At that moment there came a much louder cry and then a doleful chorus of moaning from the rooms within the building.

‘It is done,’ Sisygambis said. ‘The last King of Kings is dead, before being born.’ Two handmaids entered and covered her face and shoulders with a black veil so that she could give vent to her grief without being seen.

Alexander would have liked to say something, but as he watched her she appeared to him to be like a statue, a simulacrum of the goddess of the night, and he dared not speak. He lowered his head for an instant and then left the room, setting off along the corridor in the midst of the crying and the wailing of Darius’s women. Philip came out of the dead queen’s antechamber, pale and dumbstruck.

*

 

The following day Alexander gave orders for the funeral to be celebrated, for the Queen to be buried in grand style, with all the honours befitting her rank, and for a great mound to be constructed, as was the custom in her native tribe. He could not help but cry as they placed her underground, thinking of just how beautiful and delicate she had been and thinking too of the baby who had never even seen the light of day.

The eunuch escaped that very evening and rode for days and nights until he reached the first Persian outposts near the River Tigris. There he asked to be taken to King Darius’s camp, which was on the other side of the river. A group of Median horsemen escorted him for ten parasangs across the desert and at sunset on the following day they brought him before the Great King.

Darius was at council with his generals, dressed like an ordinary soldier with rough linen trousers and an antelope-skin jacket. The only sign of his regal status was the rigid tiara and the solid gold dagger, the shining
akinake
that hung from his side.

The eunuch threw himself to the ground with his forehead in the dust and through his sobbing recounted what had happened at Tyre – the Queen’s long, painful labour, her death, the funeral. He even put in Alexander’s tears.

Darius was shocked by the news and ordered the eunuch to follow him into the interior section of the royal tent.

‘Forgive me, Great King, for having brought you such sad news, forgive me . . .’ the eunuch continued to say through his own tears.

‘Do not cry,’ said Darius, seeking to console him. ‘You have done your duty and I am grateful to you for this. Did my wife suffer much?’

‘She suffered a great deal, Your Majesty, but with a dignity and strength befitting a Persian queen.’

Darius looked at him without saying anything. It was clear from the deep furrows on his forehead and from the failing light in his bewildered gaze that his heart and mind were full of contrasting sentiments.

‘Are you sure,’ he asked after a moment’s silence, ‘that Alexander actually cried?’

Yes, my King. I was close enough to see the tears run down his cheeks.’

Darius sighed and sat down heavily on a chest, ‘But then this means . . . this means there was something going on between them; tears come when a person dear to us dies.’

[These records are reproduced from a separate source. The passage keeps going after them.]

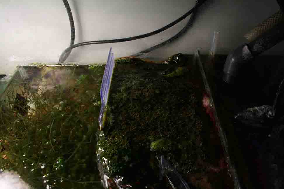 ats: hjemmebyg m. 900l/t hævepumpe, et ridset skærebrædt fra ikea, en skråtstillet risleplade limet i plexiglas, og en 38w arbejdslampe fra harald skrald a/s.
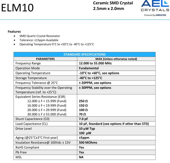 Load Capacitance (CL) | 10 pF, Standard (see options if other than STD) |
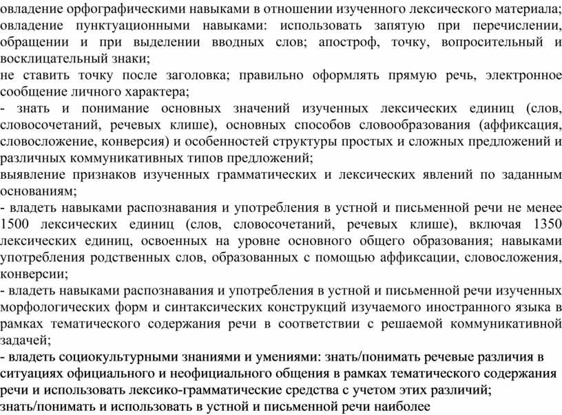 - аудирование: воспринимать на слух и понимать звучащие до 2,5 минут аутентичные тексты, содержащие отдельные неизученные языковые явления, не препятствующие решению коммуникативной задачи, с разной глубиной проникновения в содержание текста: с пониманием основного содержания, с пониманием нужной/интересующей/запрашиваемой информации; - владеть навыками распознавания и употребления в устной и письменной речи не менее 1500 лексических единиц (слов, словосочетаний, речевых клише), включая 1350 лексических единиц, освоенных на уровне основного общего образования; навыками употребления родственных слов, образованных с помощью аффиксации, словосложения, конверсии; - иметь опыт практической деятельности в повседневной жизни: участвовать в учебно-исследовательской, проектной деятельности предметного и межпредметного характера с использованием материалов на изучаемом иностранном языке и применением информационно-коммуникационных технологий; соблюдать правила информационной безопасности в ситуациях повседневной жизни и при работе в информационно-телекоммуникационной сети "Интернет" (далее - сеть Интернет); использовать приобретенные умения и навыки в процессе онлайн-обучения иностранному языку; использовать иноязычные словари и справочники, в том числе информационно-справочные системы в электронной форме |

Your Majesty, I do not believe that—’

‘Perhaps the child was his—’

‘No, no!’ protested the eunuch.

‘Silence!’ shouted Darius. ‘Or perhaps you dare contradict me?’

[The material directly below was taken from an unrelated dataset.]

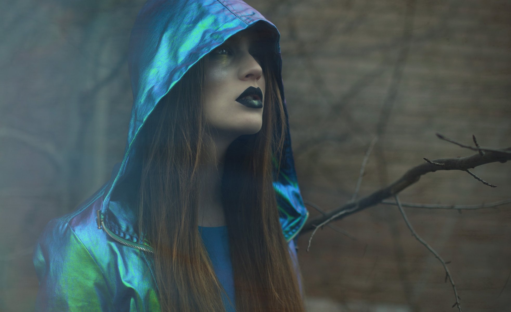 The evanescence group is a girl in a gothic black and scarlet dress on a gray and black background

The eunuch fell to his knees, trembling and crying once more. ‘Your Majesty, I beg you, let me speak!’ he said.

‘You have already said too much. What else is there to add now?’

‘That Alexander never touched your wife. Indeed, he paid her every respect and concern; he never visited her without asking permission and always in the presence of her maids. He displayed the same regard, if not even more so, for your mother.’

‘And you are not lying to me?’

‘I would never lie to you, Great King. Everything I have told you is the truth. I swear it in the name of Ahura Mazda.’

‘Ahura Mazda . . .’ murmured Darius. He stood up, moved the curtain door of his tent to one side and lifted his gaze towards the sky. The celestial vault over the desert was teeming with stars and the Milky Way stretched out from one horizon to the other with its diaphanous light. The camp was dotted with thousands and thousands of campfires. ‘Ahura Mazda, Lord of the Celestial Flame, our god,’ he prayed, ‘make me victorious, let me save my ancestors’ empire. I promise that should I win, I will treat my opponent with clemency and with respect because if war had not placed us in this position I would have liked in all sincerity to have asked for his friendship and his affection.’